In normal circumstances, such conditions would be a boon for merger and acquisition (M&A) activity. But uncertainty over the length and severity of the commodity price downturn created a value mismatch between buyers and sellers. The result was a moribund M&A market in the oil and gas sector. In fact, according to business advisory firm Deloitte, the first half of 2016 saw the lowest number of deals and deal value in 5 years.

On reflection, it’s easy to see why deal activity in the oil and gas sector slowed. Firstly, there was a notable lack of terminally distressed sellers; hedging strategies have mostly worked and companies have been able to renegotiate debt and lower operating costs. On top of this, there have been fewer funding options available, in terms of both equity and debt, for buyers of oil and gas assets.

For 2017, it is very much a buyers’ market in the oil and gas industry, but with some caveats. Purchasers are being asked to come up with more innovative ways of structuring deals and are increasingly required to negotiate with a wider group of stakeholders. Further complicating the M&A picture is the emergence of private equity and other financial buyers who, unaccustomed to normal industry practice, bring a vastly different approach to risk and costs.

For sellers, there is plenty to consider before beginning the asset disposal process.

Firstly, is a sale the right option? The current state of the market requires close inspection. Are conditions conducive to a sale? And is there sufficient appetite for such a transaction? Sellers also need to consider the short and long term prospects for the business as this will have a bearing on whether the disposal path should in fact be pursued.

Engaging a transaction team early in the sales process can help identify and deal with such problems and keep a disposal project on schedule. Beyond legal assistance, sellers need to consider picking a financial/transaction adviser to advise on sale options and identify suitable buyers.
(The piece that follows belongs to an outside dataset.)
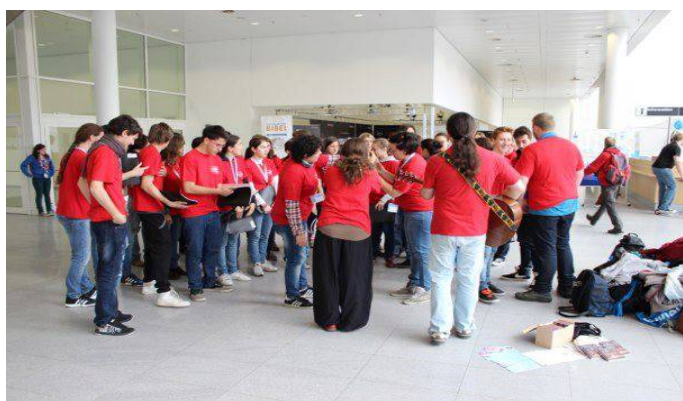
Il coro si prepara. Hamburg 2013

Lo scorso anno, giugno 2013, il nostro Coro ha partecipato al festival della Bibbia che si tiene a Vicenza. Il Coro ha cantato per le strade in alcuni punti prestabiliti davanti a un pubblico incuriosito e poi interessato. L'occasione è stata buona per far conoscere il Liceo valdese e il suo progetto di aprire un biennio di Bac internazionale riconosciuto dall'IBO di Ginevra.

Another significant factor to consider is whether a company is “fit” for sale. Could the business be restructured, or any legacy issues corrected, prior to a potential sale to make it more appealing to suitors? Such concerns should be pre-empted and addressed early to make the entire process a smoother, less stressful experience.

Establishing what are the clear “deal breakers” for any transaction is also strongly advised before engaging in a transaction. Having a deep understanding of the business, as well as the accompanying issues and risks associated with it will help immensely during any negotiating process. It pays to focus on the key concerns surrounding the asset, and be robust holding your ground when your agreed “deal breakers” are tested.

With more quality oil and gas assets set to come onto the market in 2017, the outlook for M&A is brightening, especially compared to last year. And when one considers that the industry’s underlying fundamentals are improving, and corporate credit profiles on the mend, then the prospect of more transactions becomes a reality, not just a mirage.